For my own database, at least in the new version I'm working on, I've ended up creating a schema where the individual attributes for each card are thrown into their own tables, but this is mostly because I needed to support updating individual attributes separately since I use a very simple journaling system to sync across devices. With Anki's schema, I can see why sync was complicated (at least in earlier versions) since it wasn't really built for it.
[1] https://www.freshcardsapp.com/
For language learning only, but perhaps my own https://thehardway.app model suits you better (flashcards inside markdown-ish notes)
Sorry, but your landing page is really awful. I’m not allowed to learn about your app because I’m on a tablet? And I have to give you my e-mail address, even though I know nothing about your app so far?
Suggestion: Allow me to browse your site and learn about your application, and I’ll decide if it’s interesting enough for me to open it on my desktop later.
You are right, I will get around that. For what is worth, I do not keep the email address.
How much will you be charging for the app? Is it using LLM ?
Yeah, if you're learning a language, have a group of restaurant words and another group about air travel, etc. Then then user will associate them.
For that I buy a vocabulary book, or a phrase book. As I read through it, and if I don‘t know a word or understand a sentence, I try to learn it using various methods, and create an Anki card to keep it in memory. Anki is just to retain the word.
On a plus side, you can buy specialized vocab/phrase books, I have one just for onomonopias.

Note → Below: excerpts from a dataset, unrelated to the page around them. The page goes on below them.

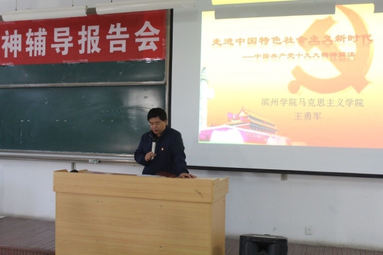 会议邀请马克思主义公司王勇军博士作了题为《走进中国特色社会主义新时代——中国共产党十九大精神》的专题报告。王勇军博士围绕十九大报告的主题、框架、创新对十九大精神进行了全面阐释和系统讲解。王勇军博士在报告中指出,学习贯彻十九大精神,重点是要牢牢把握和深刻理解党的十九大报告的鲜明主题,深刻领会习近平新时代中国特色社会主义思想的历史地位和丰富内涵,深刻认识五年来党和国家取得的历史性成就,深刻认识中国特色社会主义进入新时代和新时代党的历史使命,深刻理解我国社会主要矛盾的变化,深刻理解实现“两个一百年”奋斗目标的战略部署,深刻认识坚定不移推进全面从严治党的重大意义,进一步坚定“四个自信”,进一步增强“四个意识”,努力推进新时代中国特色社会主义伟大事业新发展。
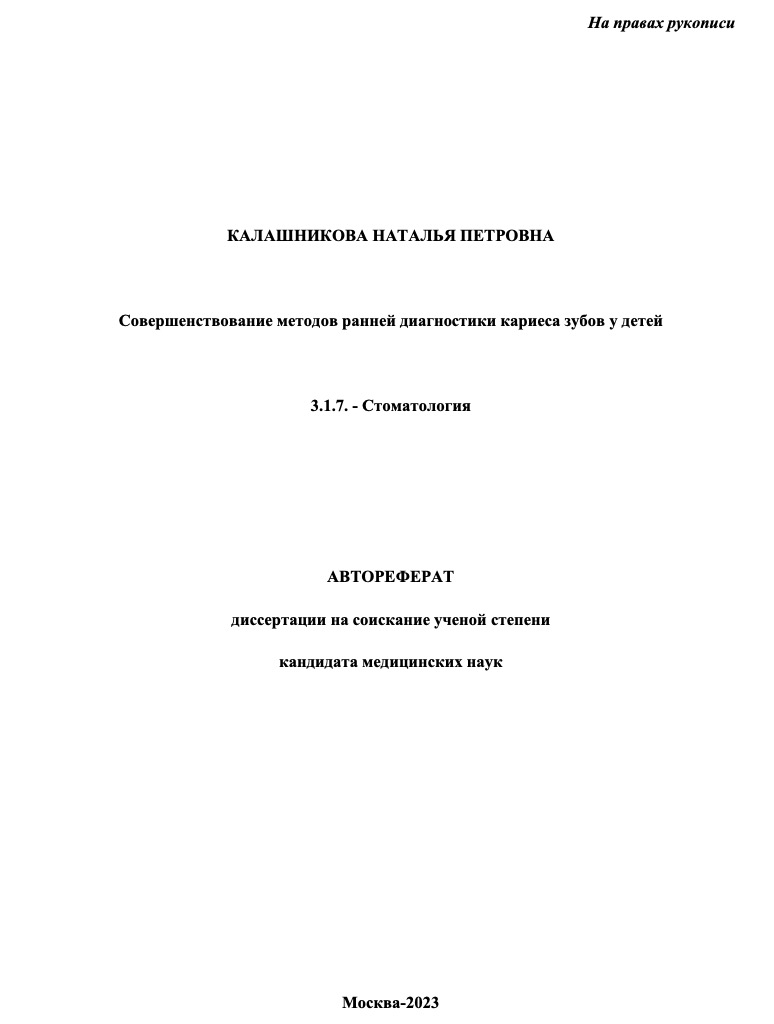 Калашникова Н.П. Совершенствование методов ранней диагносткии кариеса зубов у детей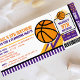C'est une fête salope ! Célébrez votre anniversaire avec notre invitation à la fête de basket à LA lakers couleur, violet et jaune! C'est une fête salope ! Cette invitation à billets de basket-ball comporte un basket-ball sous-marin sur un modèle de billet d'entrée de basket-ball. Jetez votre petite star de la nba une fête d'anniversaire sportive mémorable à thème avec cette invitation de billets de basket-ball anniversaire. Idéal pour la fête de basket-ball, la fête d'anniversaire de la Nba, le basket-ball tous les vedettes fête d'anniversaire.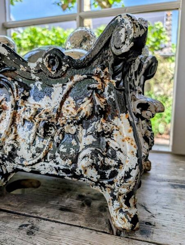 Deze prachtige gietijzeren jardinière is een ware blikvanger in zowel een klassiek interieur als een sfeervolle tuin. Met haar sierlijke lijnen en verfijnde ornamenten straalt ze de elegantie uit van de Rococo/Lodewijk XV stijl, wat haar een tijdloos decoratief object maakt.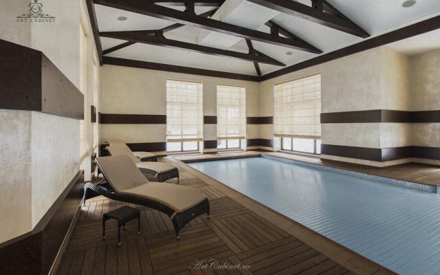 При деревянной отделке интерьера бассейна нами были использованы декоративные потолочные балки и продольные стеновые панели цвета «венге», контрастно сочетающиеся с тиковым паркетом рекреационной зоны. Компактный кухонный гарнитур SPA зоны выполнен из американского ореха без дополнительного тонирования. Естественная красота этого дерева, его экологичность и отличные эксплуатационные качества великолепно вписываются в общую концепцию этого загородного-домашнего места активного отдыха.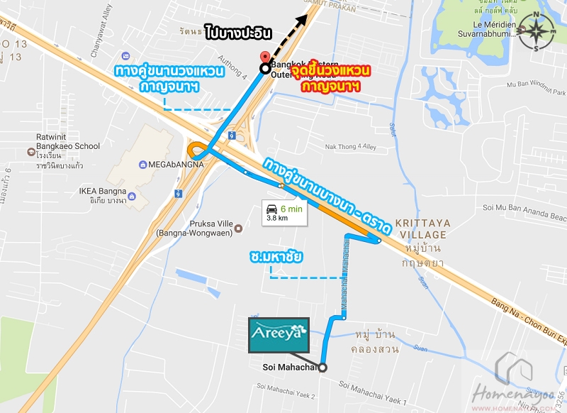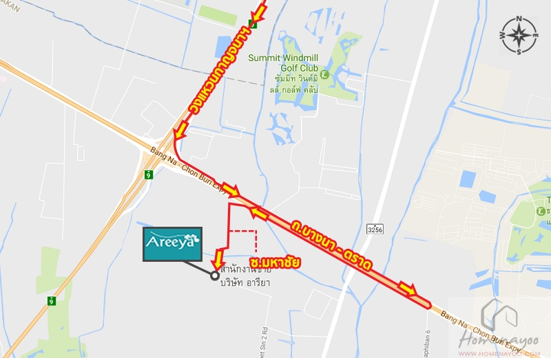 จากถนนบางนา – ตราดเข้ามาภายในซอยมหาชัย ให้ขับตามเส้นทางเข้าไปเรื่อยๆประมาณ 1.3 กม.ก็จะเจอสำนักงานขายอยู่ฝั่งขวามือค่ะ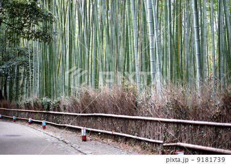 京都の町並み 嵐山・嵯峨野竹林の小径と旅行者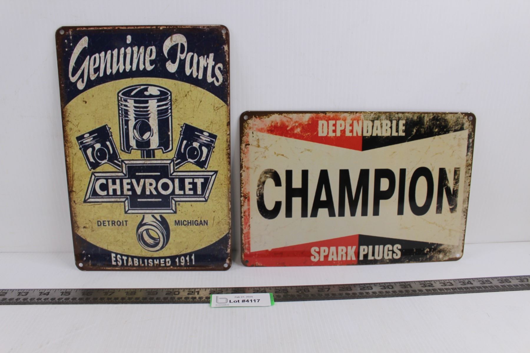 (2) Vintage Looking Metal Wall Art (Chevrolet Genuine Parts & Champion Spark Plugs) 12" x 8"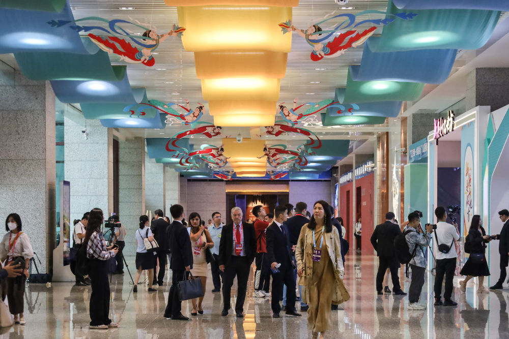 2023年9月6日,與會(huì)嘉賓在第六屆絲綢之路(敦煌)國(guó)際文化博覽會(huì)上參觀。新華社記者 馬希平 攝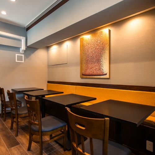 2名様用のテーブル席をご用意しております。デートやご友人同士でのお食事に最適です。お食事と会話を楽しみながら思い出に残るひとときをお過ごしください。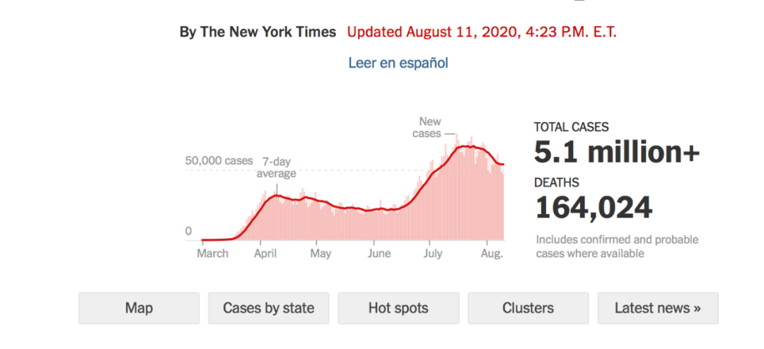根据《纽约时报》的数据库,截至周二下午,美国已有超过5140,300人感染冠状病毒,至少16.4万人死亡。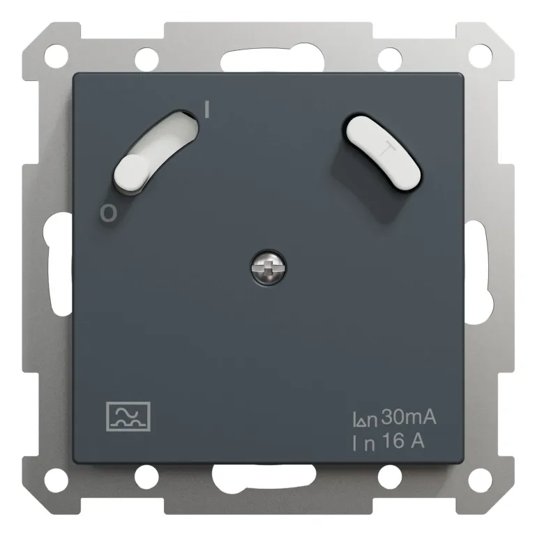 Exxact -vikavirtasuojakytkin ANT, 16A. ON/OFF -kytkimellä ja testipainikkeella. Tyyppi A versio, 30 mA. Uppokojerasiaan c/c 60 mm tai 35 mm syvään pintakojerasiaan.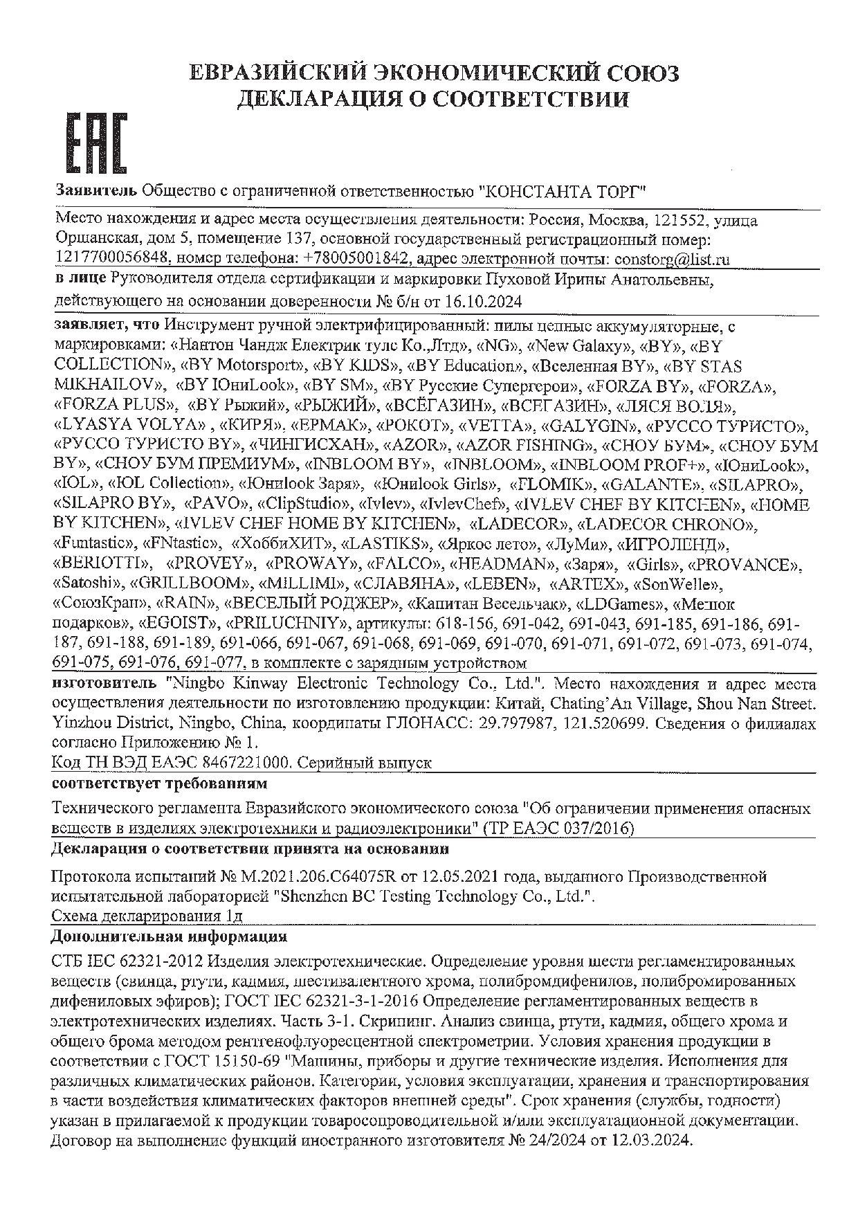 ЕРМАК Пила цепная аккум., ПЦА-20В, 150 мм, 2.0 А*ч Li-ion, 5м/с, ЗУ (ONE)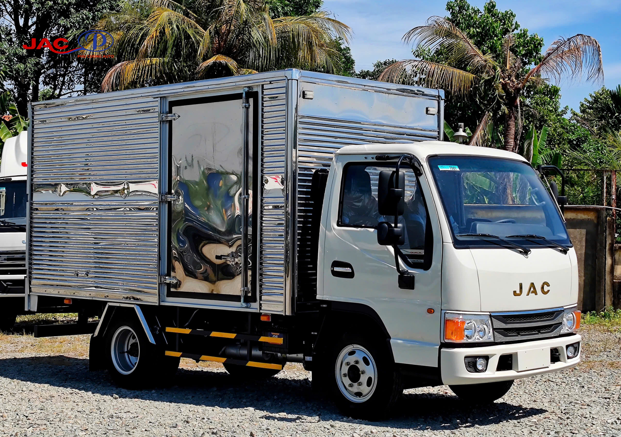 • JAC H250E5: Có cả phiên bản thùng bạt (tải 2.45 tấn) và thùng kín (tải 2.35 tấn) với cùng kích thước thùng 3.8m

Also my beginner vocab books come with recordings from actual native speaker voice actors, which I add to the deck. Much better quality than anything an LLM or speech synthesizers can give you.
What are you talking about? Anki explicitly has the concept of 'notes' from which one or more 'cards' are derived. You can absolutely easily make custom decks that only have certain card types.
Yeah I'm confused too. "I don’t like its data model. I wish the data model was instead <perfectly describes Anki's data model>".
Seems like a YC business in the making. There's demand for improvements, and you already have your pitch.
Sprinkle in AI and you'd be a shoe-in.